Please give back the lines from the line containing "последний форзац, в" through the end of the listing below, exactly as written and without pictures.

→ Source material:

========================================

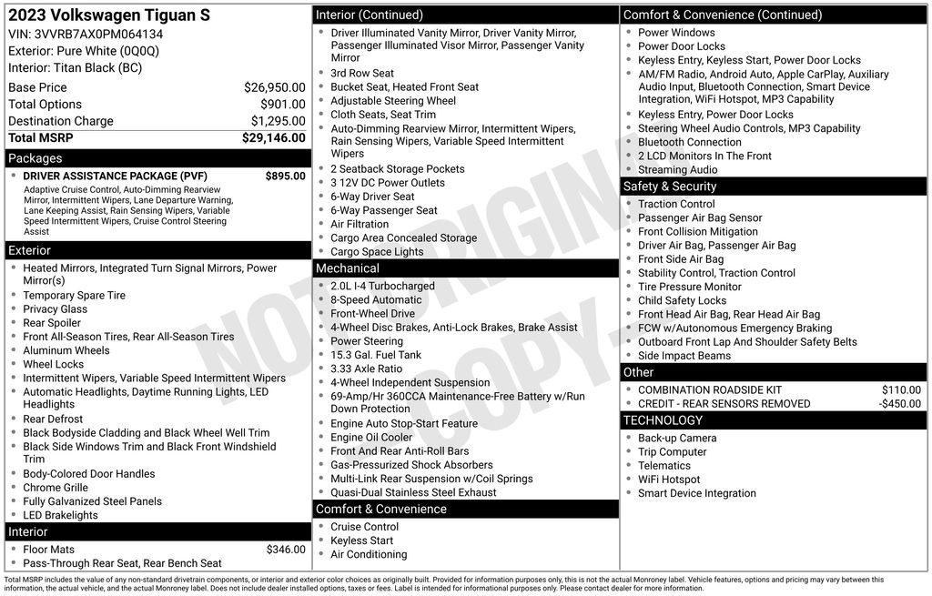 2023 Volkswagen Tiguan 2.0T S Certified. Pure White 2.0T S FWD 8-Speed Automatic with Tiptronic 2.0L TSI DOHC Volkswagen Certified, 3-Row Rubber Monster Mats w/Logo Kit (Set of 5), 3.33 Axle Ratio, 3rd row seats: bench, 4-Wheel Disc Brakes, 4-Wheel Independent Suspension, 6 Speakers, ABS brakes, Adaptive Cruise Control (ACC) Stop & Go, Air Conditioning, Alloy wheels, AM/FM radio, Auto-Dimming Interior Rear-View Mirror, Brake assist, Bumpers: body-color, Cloth Seating Surfaces, Compass, Convenience Features, Credit - Rear Sensors Removed, Delay-off headlights, Driver Assistance Package, Driver door bin, Driver vanity mirror, Dual front impact airbags, Dual front side impact airbags, Electronic Stability Control, Emergency Assist, Emergency communication system: VW Car-Net Safe & Secure 5-year, Exterior Parking Camera Rear, First Aid Kit, Forward collision: FCW w/Autonomous Emergency Braking mitigation, Four wheel independent suspension, Front anti-roll bar, Front Bucket Seats, Front Center Armrest, Front reading lights, Fully automatic headlights, Heated door mirrors, Heated Front Bucket Seats, Heated front seats, Heavy Duty Trunk Liner w/VW CarGo Blocks, Illuminated entry, Lane Assist (Lane Keeping System), Leather Shift Knob, Leatherette-Wrapped Steering Wheel, Low tire pressure warning, Occupant sensing airbag, Outside temperature display, Overhead airbag, Overhead console, Panic alarm, Passenger door bin, Passenger vanity mirror, Power door mirrors, Power steering, Power windows, Radio data system, Radio: Composition Color AM/FM, Rain-Sensing Automatic Front Wipers, Rear anti-roll bar, Rear reading lights, Rear seat center armrest, Rear window defroster, Rear window wiper, Remote keyless entry, Roadside Assistance Kit, Speed control, Speed-sensing steering, Split folding rear seat, Spoiler, Steering wheel mounted audio controls, Tachometer, Telescoping steering wheel, Tilt steering wheel, Traction control, Travel Assist (Semi-Automated Driving Assistance), Trip computer, Turn signal indicator mirrors, Variably intermittent wipers, Wheels: 17" 2-Tone Machined Twin 5-Spoke Alloy.
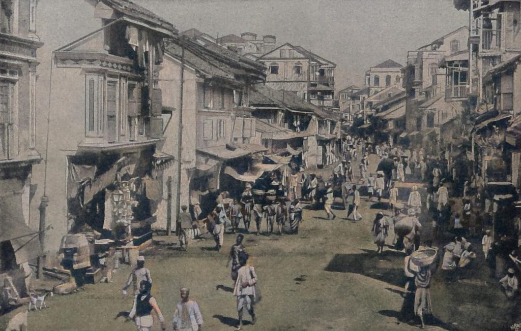 Das Leben und Treiben auf den Straßen Bombays ist derartig lebhaft, bunt und wechselvoll, die Bevölkerung vom tiefsten schwarz bis zum hellsten Weiß so mannigfaltig, der Stil der Häuser, der Bau der Wagen so eigenartig – kurz, das ganze Straßenbild so, wie man es kaum noch in irgendeiner Stadt des Orients findet.
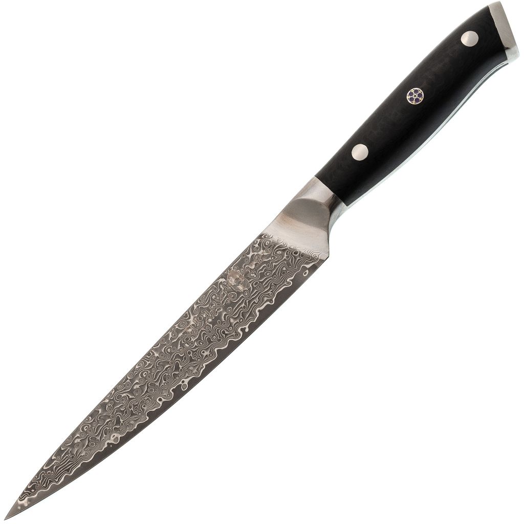 TuoTown Универсальный - это кухонный нож, который справится с любым заданием. Его размер и универсальность позволяют легко нарезать как крупные ингредиенты, так и мелкие овощи. Клинок из премиальной стали VG-10 гарантирует остроту и долговечность, а также защищает от коррозии.Отличительная особенность этого ножа - его геометрия: высокие прямые спуски и тонкий обух обеспечивают невероятную резкость. Такая конструкция идеальна для точной работы, хотя и не предназначена для очень грубых задач.Рукоять из G10 стеклотекстолита - прочная и водостойкая, не впитывает запахи, что очень практично на кухне. Ее эргономичный дизайн обеспечивает комфортное и надежное удержание.Этот нож - настоящий помощник на кухне, сочетающий в себе функциональность, долговечность и привлекательный внешний вид. Он станет надежным инструментом для любого, кто любит готовить.
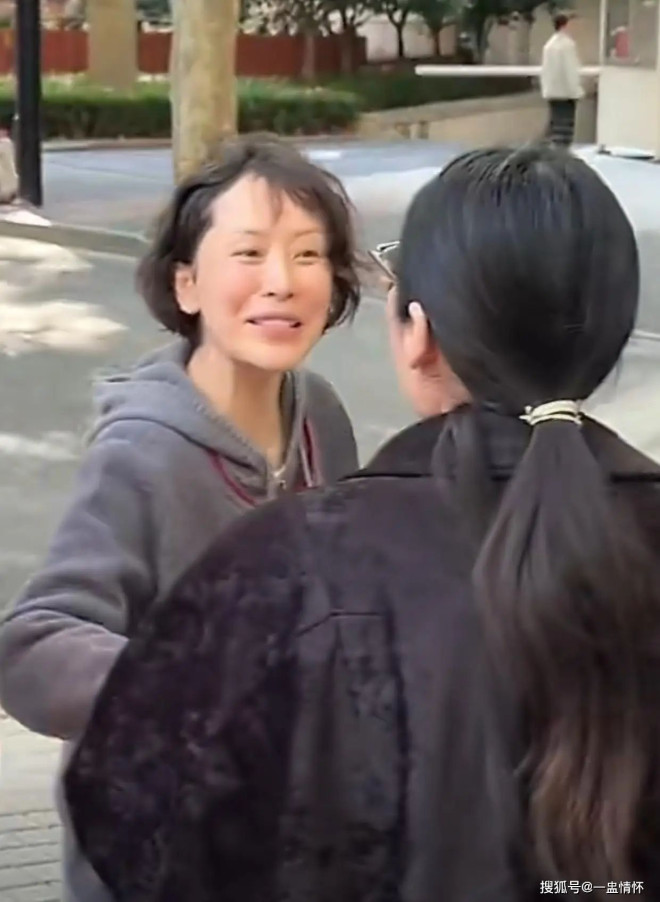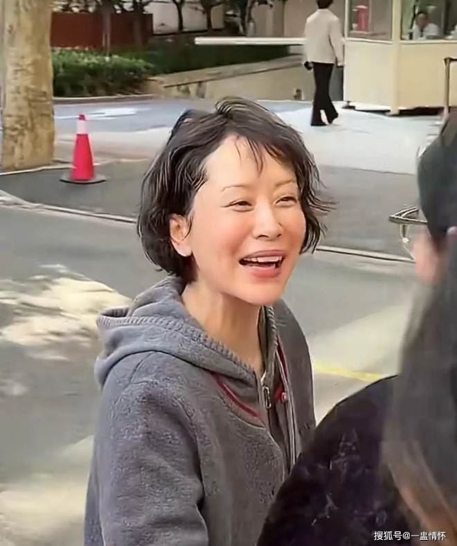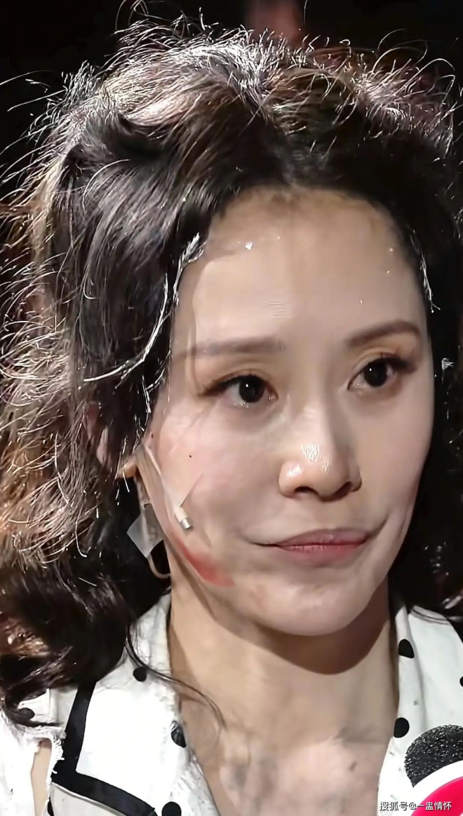 更让人揪心的是她的素颜状态:没有化妆的脸颊看着格外憔悴,嘴唇苍白中带着一丝紫色,笑起来还有轻微外翻,唇周一圈泛着深紫色,显得有些奇怪;原本留过一段时间长发、尽显温婉的她,这次又剪回了短发,还做了微卷造型,可额前冒出的许多白发,让整体造型更添几分苍老感。
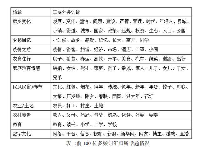 对4593条优质博文选择名词大类和动词大类进行分词整理和新词挖掘,并在此基础上基于出现词语的频数和微博条数进行统计,筛选出前100个高频词汇(见相关词云图),再根据该高频词的网络关系进行话题归类,最后概括出如下十个热点话题。它们分别是:家乡变化、乡愁回忆、疫情之后、衣食住行、家庭婚育情感、民风民俗、农业/土地、农村养老、教育、数字文化。
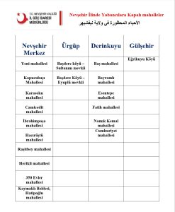 الأحياء المحظورة في ولاية نيفشيهر ادارة الهجرة بواسطة nasreddin آخر تحديث أغسطس 12, 2024 0 شارك تابعونا على التلغرام https://t.me/nevsehirolay تابعونا على الوتس اب https://whatsapp.com/channel/0029VaALnz3J3juvyKIoDd3E الأحياء المحظورة في ولاية نيفشيهر يمنع تسجيل العنوان في الأحياء التالية داخل المدينة والمناطق المجاورة : 0 شارك
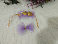 It comes with accessories that enhance the overall appeal of the skirt. It includes a hand accessory that can be tied to the wrist. The hand accessory has been designed with two beautiful rose flowers in a golden finish. The tie-up thread is adorned with elegant pearl-like embellishments which add to the elegance. The flowers are stitched to a similar net pattern cloth as the skirt, adding to the aesthetic of the outfit, making it look cohesive. It also includes a hair clip in a similar net pattern.
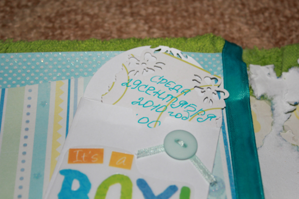 последний форзац, в конвертик положу бирки, а еще в один пакетик с первыми волосиками, ниже приклею большой конверт, туда положу тест на бер(с двумя послосками ес-но)) и подгуз(НЕ использованный, а первый сааааамый маленький)))
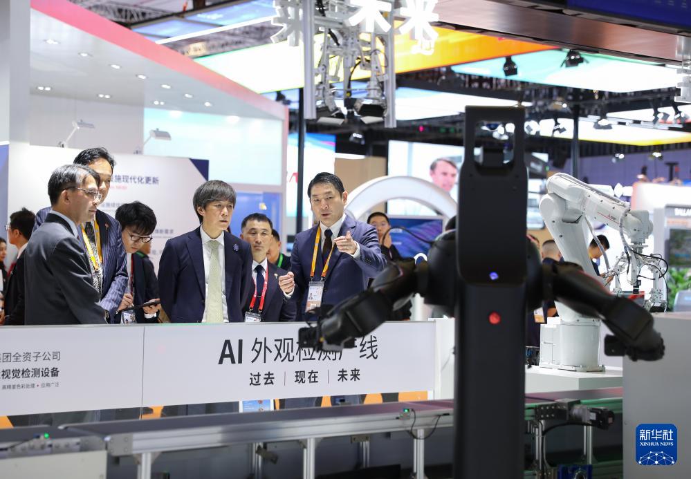 11月5日,觀眾在第八屆進博會技術裝備展區三菱電機展臺了解AI外觀檢測產線。

========================================

→ Output:
 последний форзац, в конвертик положу бирки, а еще в один пакетик с первыми волосиками, ниже приклею большой конверт, туда положу тест на бер(с двумя послосками ес-но)) и подгуз(НЕ использованный, а первый сааааамый маленький)))
 11月5日,觀眾在第八屆進博會技術裝備展區三菱電機展臺了解AI外觀檢測產線。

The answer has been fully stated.